We want to understand how the time to add an item to a queue using a linked list changes as the queue grows.

How does the number of steps needed to add one item change when the queue gets bigger?

Analyze the time complexity of the following code snippet.

class Node:
    def __init__(self, data):
        self.data = data
        self.next = None

class Queue:
    def __init__(self):
        self.front = None
        self.rear = None

    def enqueue(self, data):
        new_node = Node(data)
        if self.rear is None:
            self.front = self.rear = new_node
            return
        self.rear.next = new_node
        self.rear = new_node

This code adds a new item to the end of a queue implemented with a linked list.

Identify the loops, recursion, array traversals that repeat.

• Primary operation: Adding a new node by updating pointers.
• How many times: This happens once per enqueue call, no loops or traversals.

Adding one item always takes the same number of steps, no matter how big the queue is.

Input Size (n)	Approx.
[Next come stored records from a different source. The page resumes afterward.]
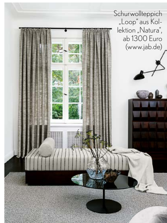
Schurwollteppich „Loop“ aus Kollektion „Natura“, ab 1300 Euro (www.jab.de)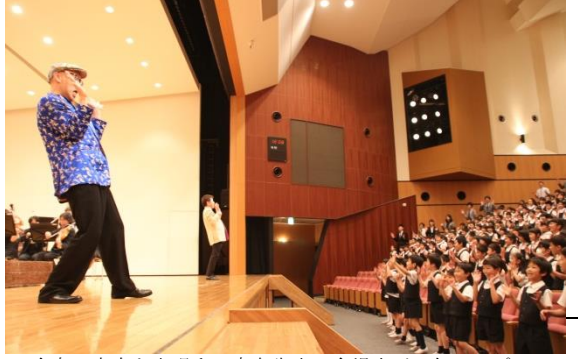
全身で音楽を表現する青島先生。会場中が元気いっぱい!

この日は、星野学園小学校の子ども達のステージ、小学生ステージも行われ、およそ三時間にも及ぶコンサートとなった。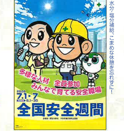
スローガン小D・ヨシだ君 No.145 定価385円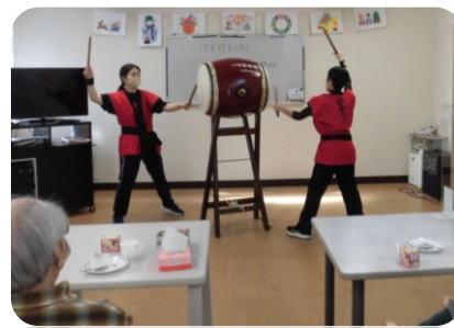
太鼓の音が響き渡ります！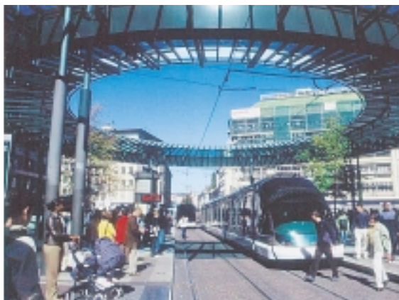
賑わいを見せる南北線と東西線の交差点にあたる ホムド・フェール駅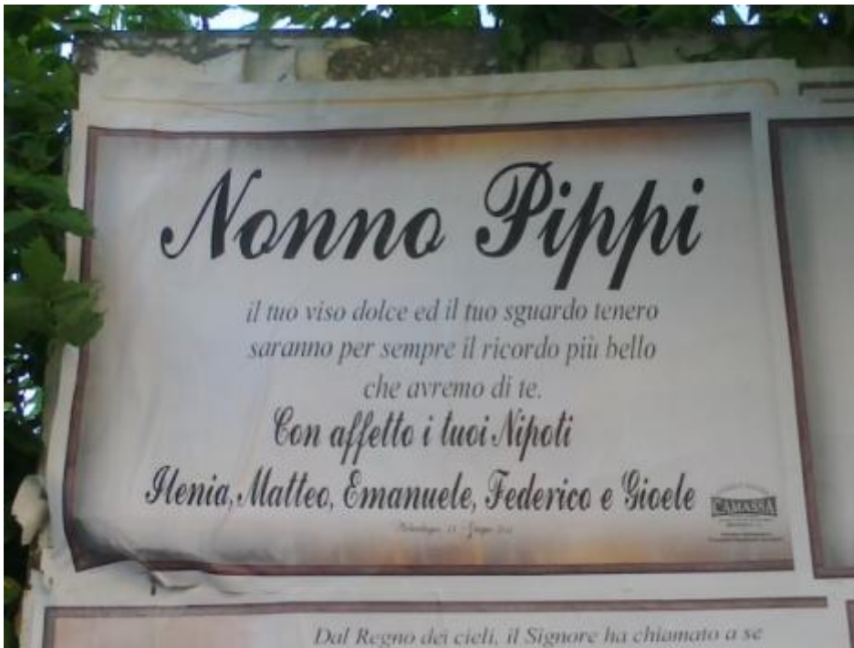
Con affetto i tuoi nipoti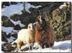
La strana coppia (in memoria di Aldo)

Pietro Marcheselli - Canon Ixus 980 IS 2010 - Inverno - Savignone - Paesi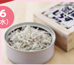
「山梨缶詰」(静岡県) 静岡 釜揚げしらす缶詰 (40g) 432円

日本一深く豊かな海、駿河湾で獲れるしらすは静岡の名産品。余計なものを入れず、美味しいしらすの味をそのまま閉じ込めました。おつまみやおかずの一品としてお楽しみください。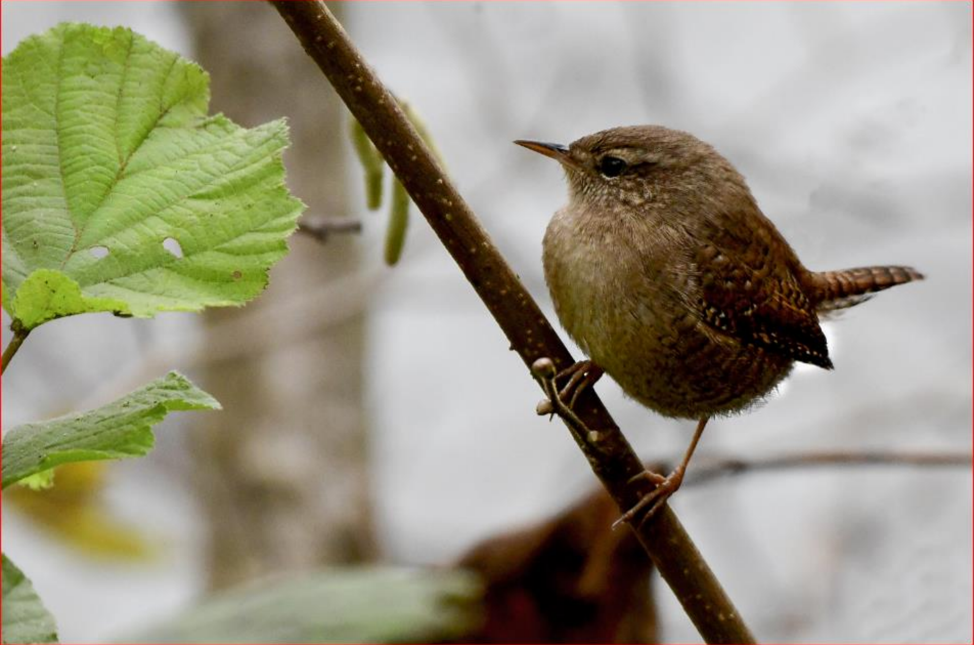
Zaunkönig 14. November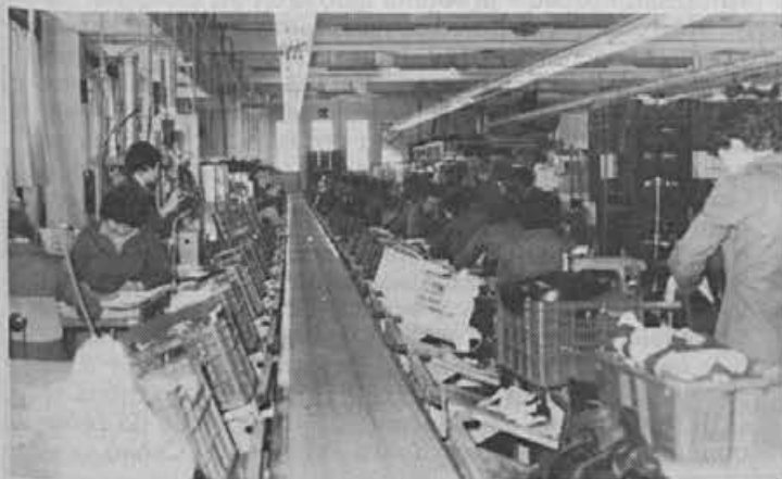
Iz obrata na Colu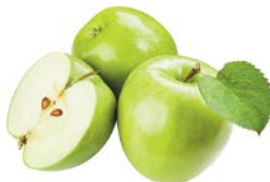
ЯБЛОКИ ГРЕННИ СМИТ, 1кг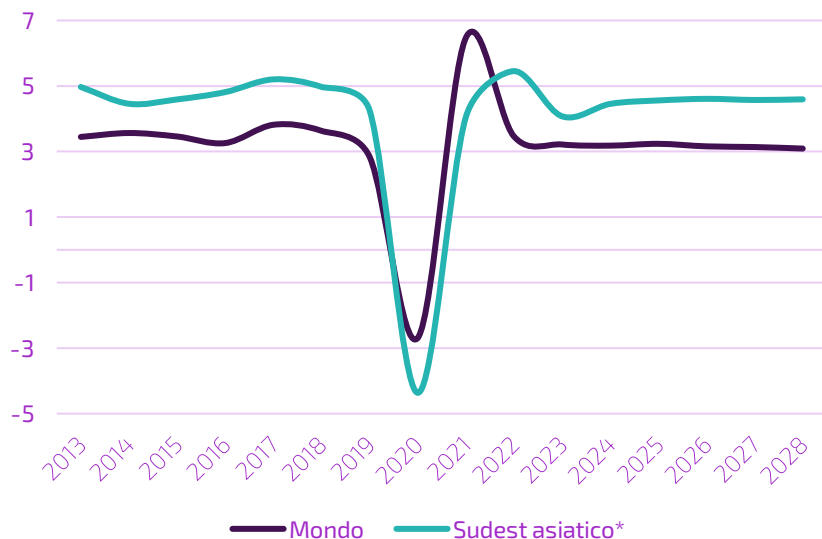
Crescita del Pil sudest asiatico vs. mondo (valori costanti; var. % annua)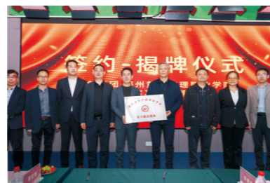
与中创科技集团携手共建实习就业基地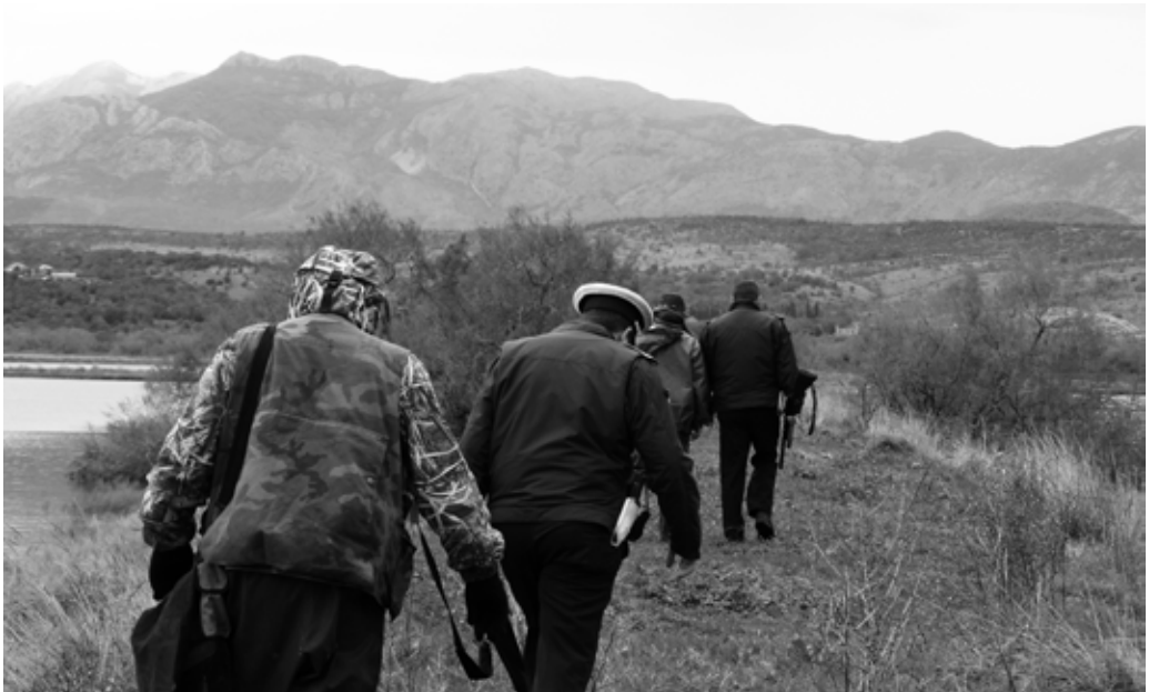
Privodjenje krivolovaca na Ulicijskoj solani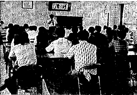
事故減少に効果のあった講習会

交通事故・詐欺・横領その他 の犯罪の被害者で、検察官の不 起訴処分(犯人 を裁判にかけない こと)に不服 の方は、検察審 査会に審査の申 立てができます 検察審査会とは 国民の代表として、 衆議院議員 の選挙権を有す 新潟市学校通一の一 新潟地方裁判所内 新潟検察審査会事務局 ☎(025)41-1311番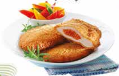
Pan. Kolbással tölt. sertéskaraj 12x750g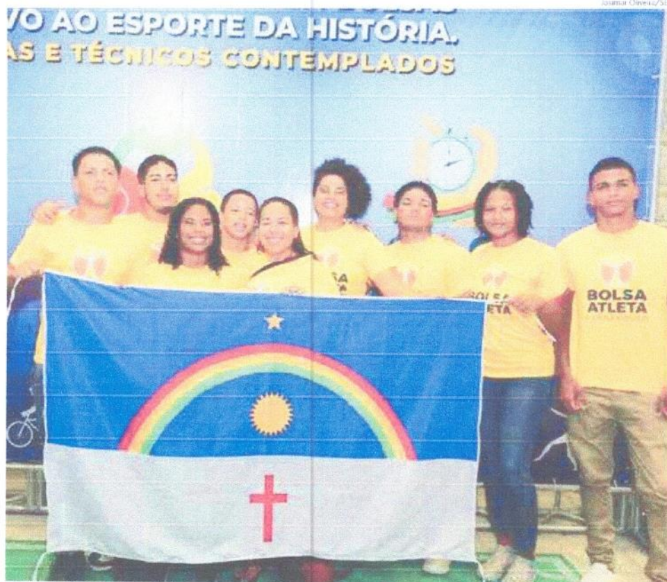
Atletas do Time Pernambuco 2026

Secretaria de Esportes de Pernambuco abriu as inscrições para Bolsa Atleta, Bolsa Técnico e Time PE 2026, com prazo até fevereiro, de forma online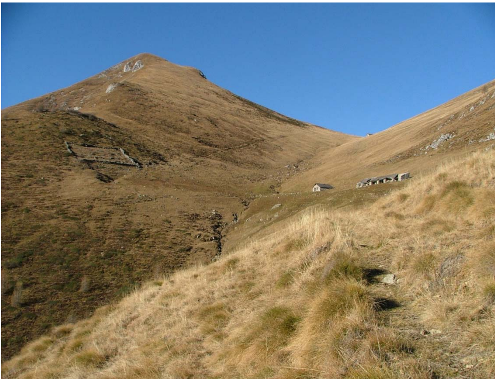
Fotografia n. 12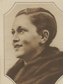
Die neueste Frauensmode. Die in der Bilden stehende Chinesin wird 1911 in Amerika getragen. Wie man sieht, entbehrt sie nicht auf die ganze Che, an dem er durch ledere Klammern festge- halten wird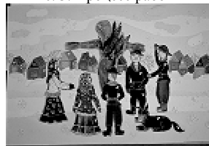
Рис.6. Готовая работа

Operations
10	5-6 steps
100	5-6 steps
1000	5-6 steps

Pattern observation: The time to add one item stays about the same regardless of queue size.

Time Complexity: O(1)

This means adding an item takes a constant amount of time no matter how many items are already in the queue.

[X] Wrong: "Adding an item takes longer as the queue grows because we have to find the end each time."

[OK] Correct: Because we keep a pointer to the end (rear), we add the new item directly without searching, so time stays constant.

Knowing that enqueue in a linked list queue is fast and constant time shows you understand efficient data structure design, a key skill in interviews.

"What if we did not keep a rear pointer and had to find the end each time? How would the time complexity change?"